RBI Announces Measures For Greater Monetary Transmission, Policy Rates Remain Unchanged

  • 6th Feb, 2020

By Sampath Reddy, Chief Investment Officer, Bajaj Allianz Life Insurance

As expected, the RBI Monetary Policy Committee (MPC) voted to keep the key policy rate (repo rate) unchanged at 5.15%. All MPC members unanimously voted for the decision, while continuing with the ‘accommodative’ stance.

RBI Repo Rate Vs 10 year yield

Source: Bloomberg

The RBI has revised upwards CPI headline inflation projection to 6.5% for Q4 FY20, 5.0-5.4% for H1 FY21 (vs 3.8-4.0% earlier).

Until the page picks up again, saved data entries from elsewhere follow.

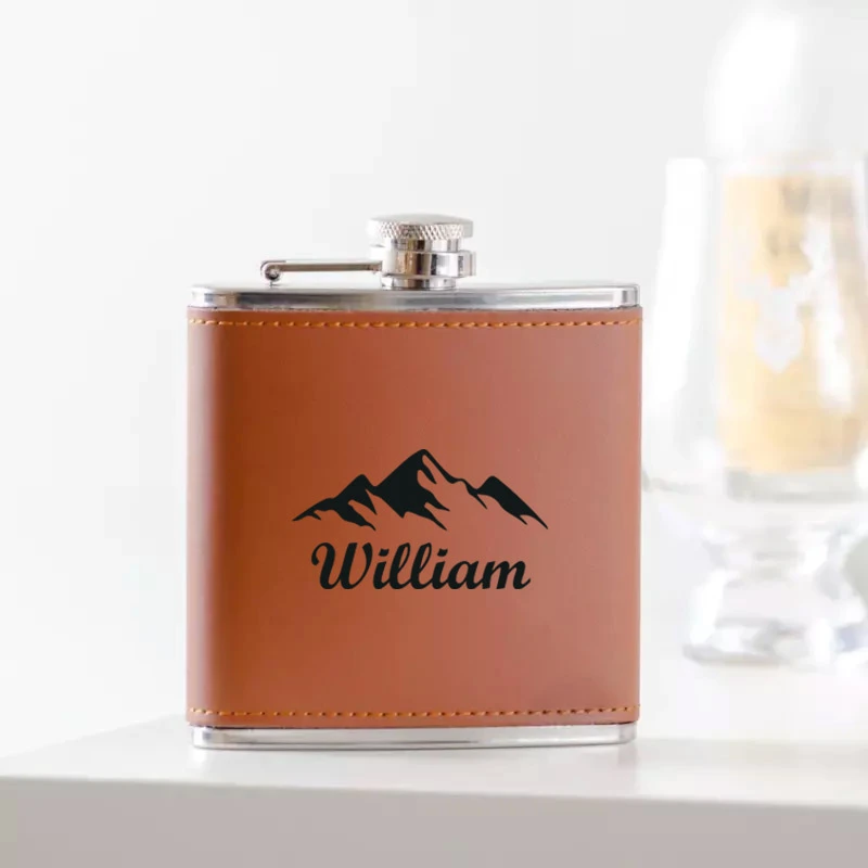 Voor de avonturier in je leven! Deze Leren Heupfles (150 ml) is de ideale metgezel voor outdoor liefhebbers. De fles is verkrijgbaar in zwart of bruin echt leer en wordt gegraveerd met een Naam naar keuze, plus één van de 12 stijlvolle designs. Gemaakt van Roestvrij Staal en duurzaam omhulsel.
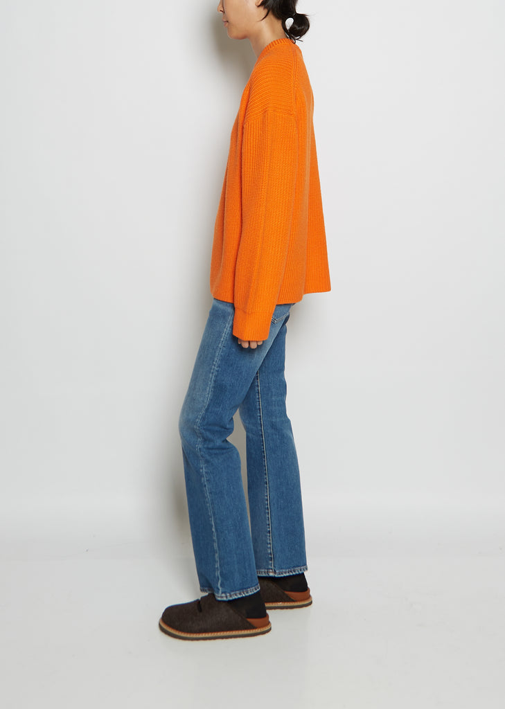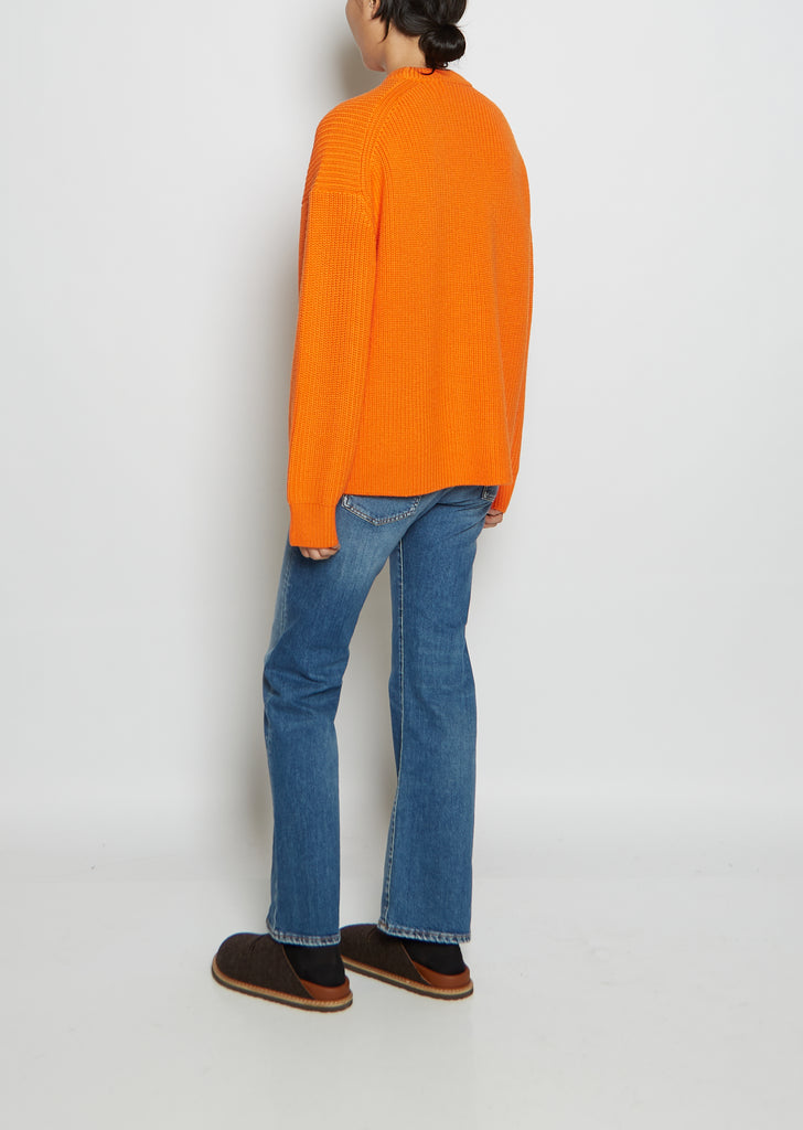 6397 bright orange ribbed crewneck sweater with a rib-free hem in chunky wool. Rib trim finish at round neckline, sleeve cuffs.
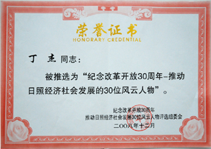 · 2008年12月,丁杰董事長(zhǎng)被評(píng)為“紀(jì)念改革開放30周年風(fēng)云人物-推動(dòng)日照社會(huì)經(jīng)濟(jì)發(fā)展的30位風(fēng)云人物”
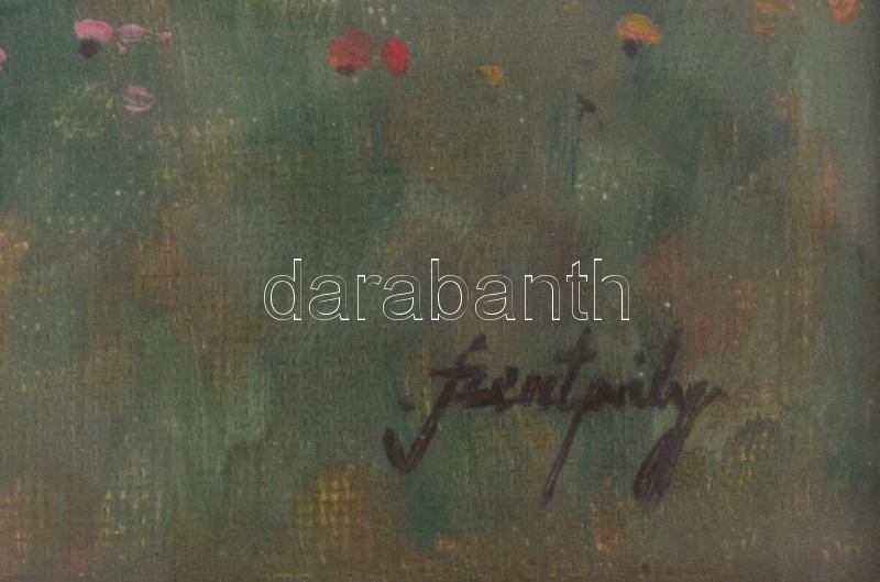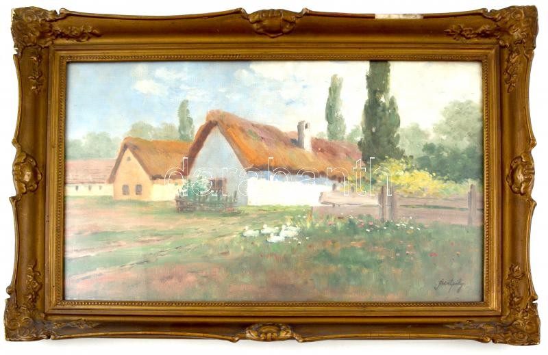 Leírás: Szentpály Zoltán (?-?): Házsor libákkal. Olaj, falemez, jelzett, üvegezett sérült, régi keretben, 25×39 cm
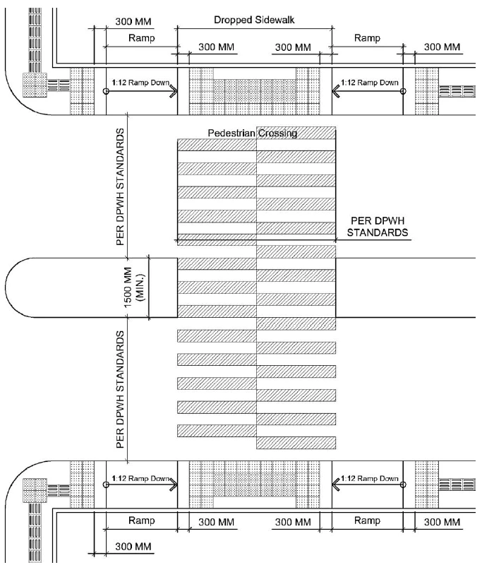 1. Streets, highways, and transport-related structures to be constructed Streets, highways, and transport-related structures shall be provided with the following barrier-free facilities and accessibility features at every pedestrian crossing: ramps and other accessible features in buildings of the sectoral offices and attached agencies of DOTr; transportation terminals and passenger waiting areas for the use of persons with disabilities;

But CPI inflation is projected to fall sharply to 3.2% in Q3 FY21. Risks are broadly balanced. RBI said that going forward inflation will be influenced by the following factors:

  • Food inflation is likely to soften from the high levels of December 2019, and the decline is expected to become more pronounced during Q4 FY20.
  • However recent pick-up in prices of milk and pulses are likely to sustain and this could impart some upward bias on food prices.
  • Crude prices are likely to remain volatile due to geo-political tensions and uncertain global economic outlook.
  • There has been an increase in input costs for services, in recent months. The increase in customs duties on items of retail consumption in the budget may result in a marginal one-time uptick in inflation.
  • Base effect for inflation would turn favourable during Q3 FY21 (thus explaining the sharp downward revision).

On the economic front, RBI projects GDP growth to recover from 5%YoY in FY20 to 6%YoY in FY21.

Some other measures were also announced as follows:

  • The RBI has incentivized credit flow to certain stressed sectors like auto, housing and MSMEs, by exempting commercial banks from CRR (Cash Reserve Ratio) on incremental credit to these sectors till July 2020.
  • The liquidity framework has been tweaked to some extent to allow long term borrowing through repo (1 year and 3 years) upto Rs. 1 trillion. This will provide banks with more durable liquidity at a lower cost.


The various measures announced by RBI will help to further improve/aid liquidity conditions and monetary policy transmission, going forward. Transmission of rate cuts has been higher for the bond/money markets, than for the credit markets—with the RBI mentioning that the 1-year median marginal cost of funds-based lending rate (MCLR) has declined by 55 bps compared to 135 bps cut in the policy rate (repo rate). The measures should also help to revive credit growth, which has slowed down particularly due to stress in some sectors, and is therefore beneficial for the banking and NBFC sectors.

The RBI also seems to be comfortable with the additional market borrowing numbers announced in the Union Budget. It mentioned that the higher fiscal deficit for FY20 has not resulted in increase in market borrowings, and gross market borrowing is budgeted to increase by Rs. 70,000 crore in FY21.

Overall, the policy has been positive for the bond markets with bond yields easing (especially at the shorter end). The RBI recognized that there is monetary policy space for future action, but it will be data–dependent. The yield curve could steepen a bit, with short term yields easing more than long term yields. From an investment perspective, we continue to prefer the shorter to medium term part of the yield curve.

“The opinion expressed by the Author in this article/note is his personal opinion and readers are advised to seek independent financial advice before taking any investment decisions.”